[MATERIAL SUPPLIED]

- - - - - - -

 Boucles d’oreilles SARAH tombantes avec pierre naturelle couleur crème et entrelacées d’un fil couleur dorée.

- - - - - - -

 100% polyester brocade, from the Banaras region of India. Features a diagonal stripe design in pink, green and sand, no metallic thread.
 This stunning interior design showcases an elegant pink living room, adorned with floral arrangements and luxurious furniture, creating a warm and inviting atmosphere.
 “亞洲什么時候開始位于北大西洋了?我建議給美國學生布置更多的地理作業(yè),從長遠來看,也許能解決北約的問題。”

- - - - - - -

[EXERCISE BRIEF] Gather all lines from the listing above in which "pink" occurs.

[RESULT OF THE TASK]
 100% polyester brocade, from the Banaras region of India. Features a diagonal stripe design in pink, green and sand, no metallic thread.
 This stunning interior design showcases an elegant pink living room, adorned with floral arrangements and luxurious furniture, creating a warm and inviting atmosphere.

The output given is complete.